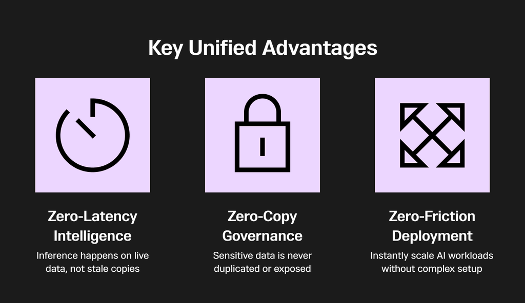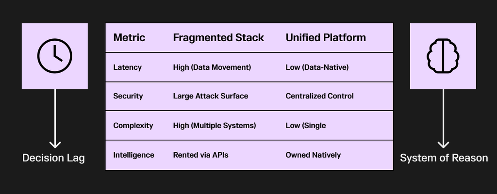This approach eliminates fragmentation, reduces data movement, and delivers zero-latency intelligence — enabling real-time decisioning, better governance, and lower total cost of ownership.
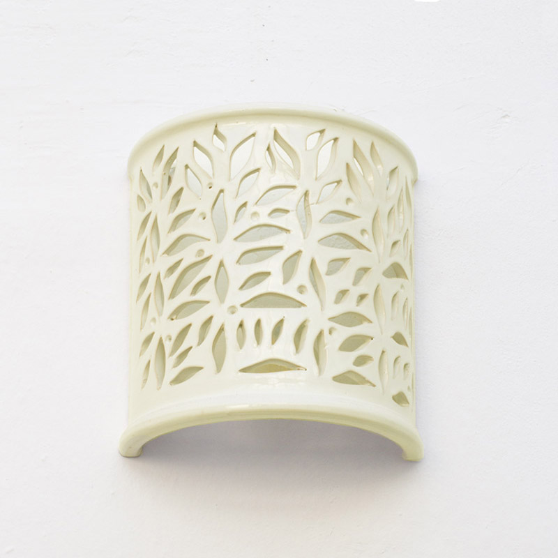 Applique colore panna in ceramica smaltata, da abbinare a qualsiasi comune portalampada, striscia led, faretto da incasso o esterno. Le dimensioni sono: altezza 23 cm larghezza 20 cm profondità massima 10 cm circa, con possibili leggere variazioni dovute alla lavorazione artigianale del prodotto e al ritiro durante l’asciugatura dell’argilla.
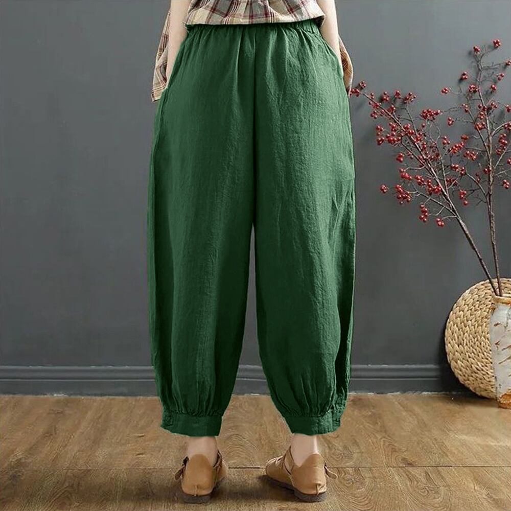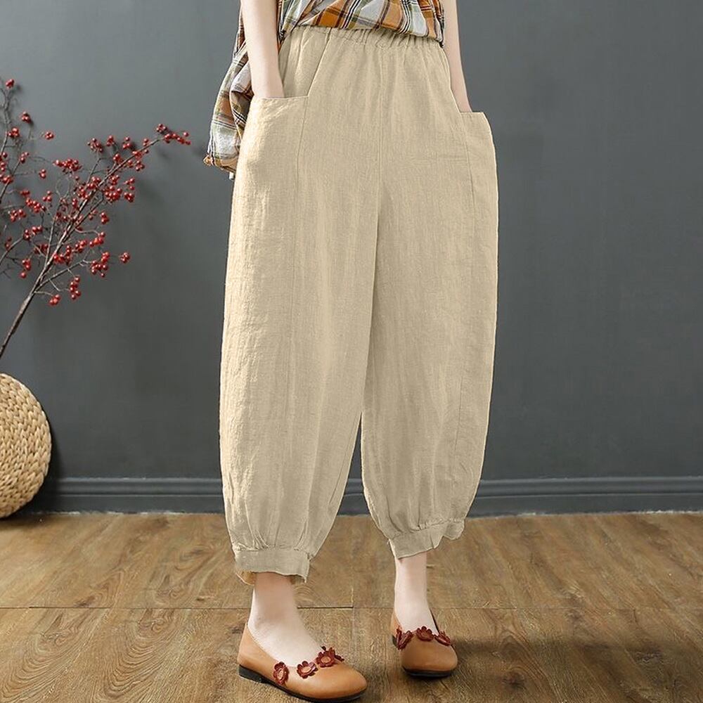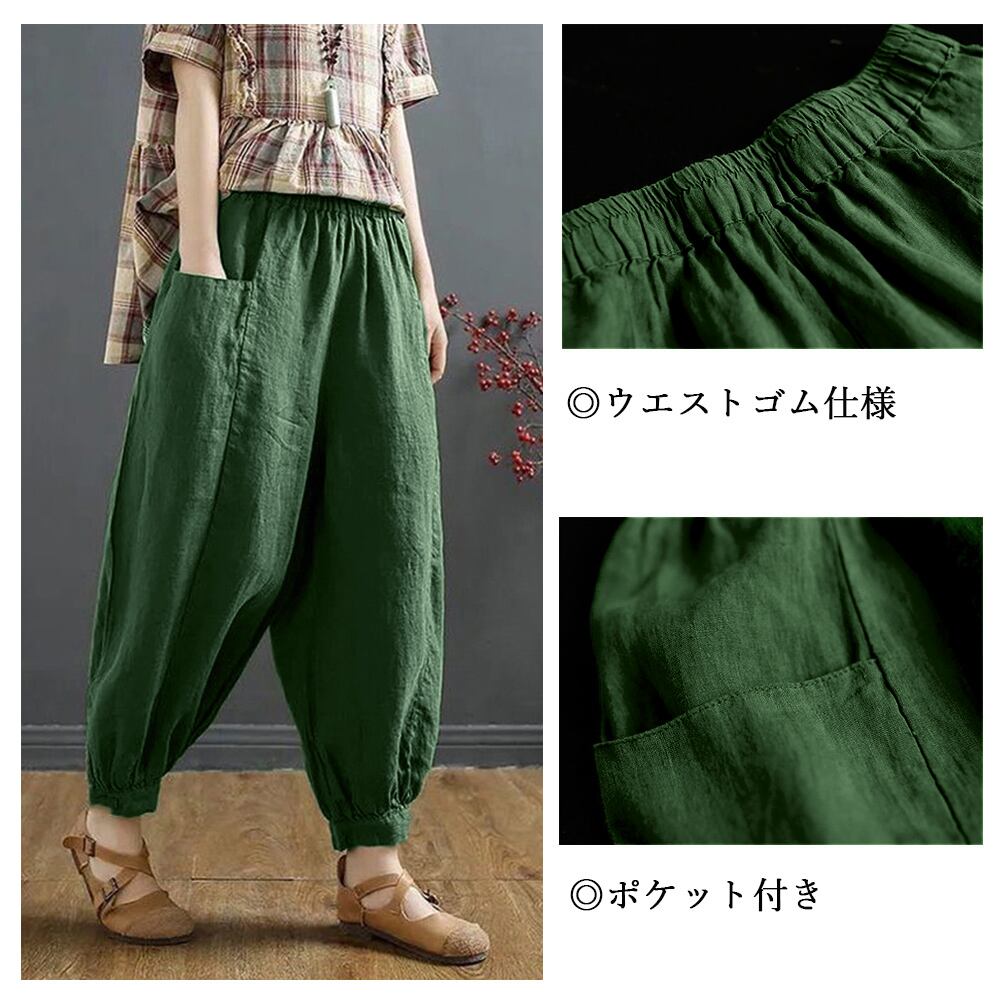 リネンパンツ ウエストゴム 着やせ パンツ ゆったり ポケット付き 九分丈パンツ カジュアル クロップドパンツ
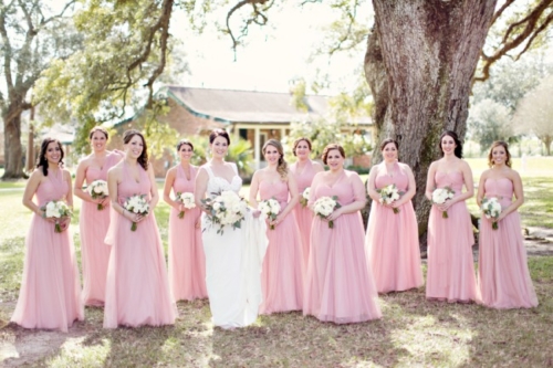 There are a lot of really well done elegant-meets-rustic elements in today’s wedding. We love the crisp white look of the reception area, with punches of greenery and rustic decor. Don’t get us started on the bridal party attire — pretty in pink to say the least!
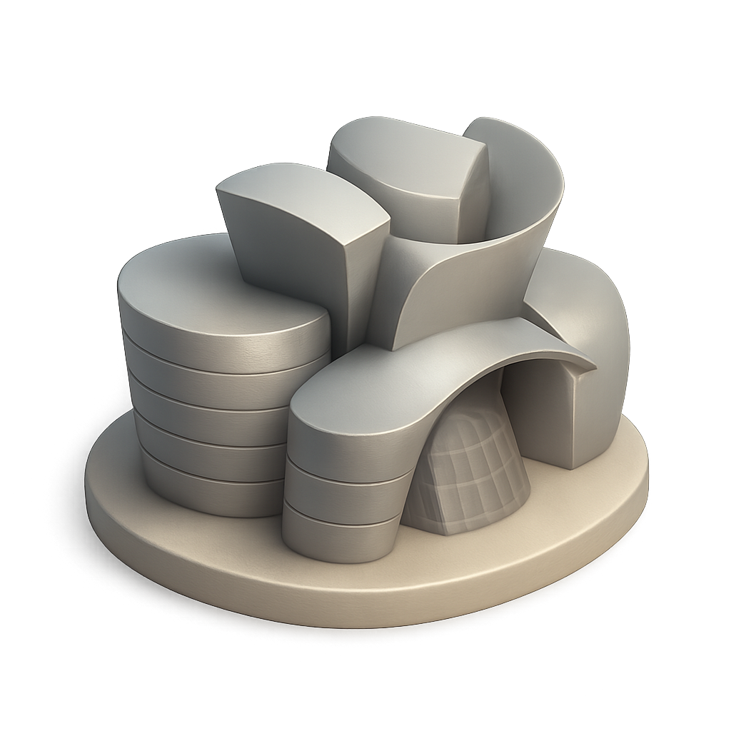 /Collection: /by davooda/Type: PNG/A 3D representation of the Guggenheim Bilbao, showcasing its iconic curvy architecture. The model features a three-quarter view with a smooth, volumetric design against a neutral background.

━━━━━━━━━━

[PROBLEM] Copy the material exactly as written and leave every picture behind.

[PROBLEM SOLUTION]
This approach eliminates fragmentation, reduces data movement, and delivers zero-latency intelligence — enabling real-time decisioning, better governance, and lower total cost of ownership.
 Applique colore panna in ceramica smaltata, da abbinare a qualsiasi comune portalampada, striscia led, faretto da incasso o esterno. Le dimensioni sono: altezza 23 cm larghezza 20 cm profondità massima 10 cm circa, con possibili leggere variazioni dovute alla lavorazione artigianale del prodotto e al ritiro durante l’asciugatura dell’argilla.
 リネンパンツ ウエストゴム 着やせ パンツ ゆったり ポケット付き 九分丈パンツ カジュアル クロップドパンツ
 There are a lot of really well done elegant-meets-rustic elements in today’s wedding. We love the crisp white look of the reception area, with punches of greenery and rustic decor. Don’t get us started on the bridal party attire — pretty in pink to say the least!
 /Collection: /by davooda/Type: PNG/A 3D representation of the Guggenheim Bilbao, showcasing its iconic curvy architecture. The model features a three-quarter view with a smooth, volumetric design against a neutral background.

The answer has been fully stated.